Each entry needs to be retyped exactly, with nothing added or dropped.

● INPUT RECORDS:
====

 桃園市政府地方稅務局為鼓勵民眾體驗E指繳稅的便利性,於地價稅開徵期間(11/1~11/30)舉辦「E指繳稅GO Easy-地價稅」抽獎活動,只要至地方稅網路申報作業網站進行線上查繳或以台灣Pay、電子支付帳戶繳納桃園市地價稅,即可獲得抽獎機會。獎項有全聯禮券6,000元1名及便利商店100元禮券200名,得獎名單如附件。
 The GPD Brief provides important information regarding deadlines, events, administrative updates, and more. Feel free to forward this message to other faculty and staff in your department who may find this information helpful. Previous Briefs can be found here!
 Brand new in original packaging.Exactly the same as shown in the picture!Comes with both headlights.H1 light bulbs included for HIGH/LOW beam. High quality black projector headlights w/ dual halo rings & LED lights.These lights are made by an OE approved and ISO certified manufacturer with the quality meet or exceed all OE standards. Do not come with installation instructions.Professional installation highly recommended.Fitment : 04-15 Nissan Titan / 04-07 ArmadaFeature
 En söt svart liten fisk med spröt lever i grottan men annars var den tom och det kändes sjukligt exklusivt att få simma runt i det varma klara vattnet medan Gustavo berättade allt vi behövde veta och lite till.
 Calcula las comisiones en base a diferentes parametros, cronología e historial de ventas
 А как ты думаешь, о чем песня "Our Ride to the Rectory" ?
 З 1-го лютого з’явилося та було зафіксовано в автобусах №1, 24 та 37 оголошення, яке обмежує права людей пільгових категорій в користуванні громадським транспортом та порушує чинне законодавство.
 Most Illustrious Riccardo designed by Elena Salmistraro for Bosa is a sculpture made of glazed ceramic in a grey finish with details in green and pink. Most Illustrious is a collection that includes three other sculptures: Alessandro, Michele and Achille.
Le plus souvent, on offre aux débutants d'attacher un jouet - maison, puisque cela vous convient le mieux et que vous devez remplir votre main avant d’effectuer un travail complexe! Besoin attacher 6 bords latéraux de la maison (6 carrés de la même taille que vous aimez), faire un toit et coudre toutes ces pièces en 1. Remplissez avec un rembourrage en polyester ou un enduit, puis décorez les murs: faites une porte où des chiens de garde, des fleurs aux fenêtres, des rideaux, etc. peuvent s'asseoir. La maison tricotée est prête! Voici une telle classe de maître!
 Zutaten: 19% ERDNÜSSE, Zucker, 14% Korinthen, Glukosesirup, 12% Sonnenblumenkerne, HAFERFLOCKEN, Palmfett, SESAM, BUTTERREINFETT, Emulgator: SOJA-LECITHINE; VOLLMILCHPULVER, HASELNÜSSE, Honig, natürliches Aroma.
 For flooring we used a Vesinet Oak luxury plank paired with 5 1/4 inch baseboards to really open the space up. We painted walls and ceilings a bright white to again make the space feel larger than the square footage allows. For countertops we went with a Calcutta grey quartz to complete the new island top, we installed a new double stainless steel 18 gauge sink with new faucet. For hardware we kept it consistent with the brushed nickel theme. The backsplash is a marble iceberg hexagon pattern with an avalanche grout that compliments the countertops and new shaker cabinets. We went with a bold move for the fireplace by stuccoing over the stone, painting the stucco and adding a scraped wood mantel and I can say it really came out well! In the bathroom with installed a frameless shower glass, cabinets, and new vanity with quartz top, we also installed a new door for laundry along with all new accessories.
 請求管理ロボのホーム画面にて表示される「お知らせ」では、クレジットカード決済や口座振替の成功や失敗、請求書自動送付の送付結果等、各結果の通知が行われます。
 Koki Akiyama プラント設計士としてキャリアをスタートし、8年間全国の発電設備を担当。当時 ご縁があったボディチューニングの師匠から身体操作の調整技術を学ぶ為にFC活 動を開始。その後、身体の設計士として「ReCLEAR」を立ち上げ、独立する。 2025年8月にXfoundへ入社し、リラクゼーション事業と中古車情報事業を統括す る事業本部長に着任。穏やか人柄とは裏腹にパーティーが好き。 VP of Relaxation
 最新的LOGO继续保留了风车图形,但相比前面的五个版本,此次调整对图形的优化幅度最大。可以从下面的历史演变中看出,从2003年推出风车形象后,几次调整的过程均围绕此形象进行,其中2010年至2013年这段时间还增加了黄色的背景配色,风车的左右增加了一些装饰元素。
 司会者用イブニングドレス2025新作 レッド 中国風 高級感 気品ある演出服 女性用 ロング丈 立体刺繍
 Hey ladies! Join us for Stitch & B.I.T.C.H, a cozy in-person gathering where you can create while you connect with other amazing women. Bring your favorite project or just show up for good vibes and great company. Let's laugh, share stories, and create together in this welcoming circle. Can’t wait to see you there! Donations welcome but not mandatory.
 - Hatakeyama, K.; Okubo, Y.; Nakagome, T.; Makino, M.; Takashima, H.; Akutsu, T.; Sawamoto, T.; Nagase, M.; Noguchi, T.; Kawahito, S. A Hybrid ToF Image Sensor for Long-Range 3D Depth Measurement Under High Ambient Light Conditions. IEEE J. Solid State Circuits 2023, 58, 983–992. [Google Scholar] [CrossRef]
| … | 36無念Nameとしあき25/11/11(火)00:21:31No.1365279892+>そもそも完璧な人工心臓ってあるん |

====

● EXERCISE RESULT:
 桃園市政府地方稅務局為鼓勵民眾體驗E指繳稅的便利性,於地價稅開徵期間(11/1~11/30)舉辦「E指繳稅GO Easy-地價稅」抽獎活動,只要至地方稅網路申報作業網站進行線上查繳或以台灣Pay、電子支付帳戶繳納桃園市地價稅,即可獲得抽獎機會。獎項有全聯禮券6,000元1名及便利商店100元禮券200名,得獎名單如附件。
 The GPD Brief provides important information regarding deadlines, events, administrative updates, and more. Feel free to forward this message to other faculty and staff in your department who may find this information helpful. Previous Briefs can be found here!
 Brand new in original packaging.Exactly the same as shown in the picture!Comes with both headlights.H1 light bulbs included for HIGH/LOW beam. High quality black projector headlights w/ dual halo rings & LED lights.These lights are made by an OE approved and ISO certified manufacturer with the quality meet or exceed all OE standards. Do not come with installation instructions.Professional installation highly recommended.Fitment : 04-15 Nissan Titan / 04-07 ArmadaFeature
 En söt svart liten fisk med spröt lever i grottan men annars var den tom och det kändes sjukligt exklusivt att få simma runt i det varma klara vattnet medan Gustavo berättade allt vi behövde veta och lite till.
 Calcula las comisiones en base a diferentes parametros, cronología e historial de ventas
 А как ты думаешь, о чем песня "Our Ride to the Rectory" ?
 З 1-го лютого з’явилося та було зафіксовано в автобусах №1, 24 та 37 оголошення, яке обмежує права людей пільгових категорій в користуванні громадським транспортом та порушує чинне законодавство.
 Most Illustrious Riccardo designed by Elena Salmistraro for Bosa is a sculpture made of glazed ceramic in a grey finish with details in green and pink. Most Illustrious is a collection that includes three other sculptures: Alessandro, Michele and Achille.
Le plus souvent, on offre aux débutants d'attacher un jouet - maison, puisque cela vous convient le mieux et que vous devez remplir votre main avant d’effectuer un travail complexe! Besoin attacher 6 bords latéraux de la maison (6 carrés de la même taille que vous aimez), faire un toit et coudre toutes ces pièces en 1. Remplissez avec un rembourrage en polyester ou un enduit, puis décorez les murs: faites une porte où des chiens de garde, des fleurs aux fenêtres, des rideaux, etc. peuvent s'asseoir. La maison tricotée est prête! Voici une telle classe de maître!
 Zutaten: 19% ERDNÜSSE, Zucker, 14% Korinthen, Glukosesirup, 12% Sonnenblumenkerne, HAFERFLOCKEN, Palmfett, SESAM, BUTTERREINFETT, Emulgator: SOJA-LECITHINE; VOLLMILCHPULVER, HASELNÜSSE, Honig, natürliches Aroma.
 For flooring we used a Vesinet Oak luxury plank paired with 5 1/4 inch baseboards to really open the space up. We painted walls and ceilings a bright white to again make the space feel larger than the square footage allows. For countertops we went with a Calcutta grey quartz to complete the new island top, we installed a new double stainless steel 18 gauge sink with new faucet. For hardware we kept it consistent with the brushed nickel theme. The backsplash is a marble iceberg hexagon pattern with an avalanche grout that compliments the countertops and new shaker cabinets. We went with a bold move for the fireplace by stuccoing over the stone, painting the stucco and adding a scraped wood mantel and I can say it really came out well! In the bathroom with installed a frameless shower glass, cabinets, and new vanity with quartz top, we also installed a new door for laundry along with all new accessories.
 請求管理ロボのホーム画面にて表示される「お知らせ」では、クレジットカード決済や口座振替の成功や失敗、請求書自動送付の送付結果等、各結果の通知が行われます。
 Koki Akiyama プラント設計士としてキャリアをスタートし、8年間全国の発電設備を担当。当時 ご縁があったボディチューニングの師匠から身体操作の調整技術を学ぶ為にFC活 動を開始。その後、身体の設計士として「ReCLEAR」を立ち上げ、独立する。 2025年8月にXfoundへ入社し、リラクゼーション事業と中古車情報事業を統括す る事業本部長に着任。穏やか人柄とは裏腹にパーティーが好き。 VP of Relaxation
 最新的LOGO继续保留了风车图形,但相比前面的五个版本,此次调整对图形的优化幅度最大。可以从下面的历史演变中看出,从2003年推出风车形象后,几次调整的过程均围绕此形象进行,其中2010年至2013年这段时间还增加了黄色的背景配色,风车的左右增加了一些装饰元素。
 司会者用イブニングドレス2025新作 レッド 中国風 高級感 気品ある演出服 女性用 ロング丈 立体刺繍
 Hey ladies! Join us for Stitch & B.I.T.C.H, a cozy in-person gathering where you can create while you connect with other amazing women. Bring your favorite project or just show up for good vibes and great company. Let's laugh, share stories, and create together in this welcoming circle. Can’t wait to see you there! Donations welcome but not mandatory.
 - Hatakeyama, K.; Okubo, Y.; Nakagome, T.; Makino, M.; Takashima, H.; Akutsu, T.; Sawamoto, T.; Nagase, M.; Noguchi, T.; Kawahito, S. A Hybrid ToF Image Sensor for Long-Range 3D Depth Measurement Under High Ambient Light Conditions. IEEE J. Solid State Circuits 2023, 58, 983–992. [Google Scholar] [CrossRef]
| … | 36無念Nameとしあき25/11/11(火)00:21:31No.1365279892+>そもそも完璧な人工心臓ってあるん |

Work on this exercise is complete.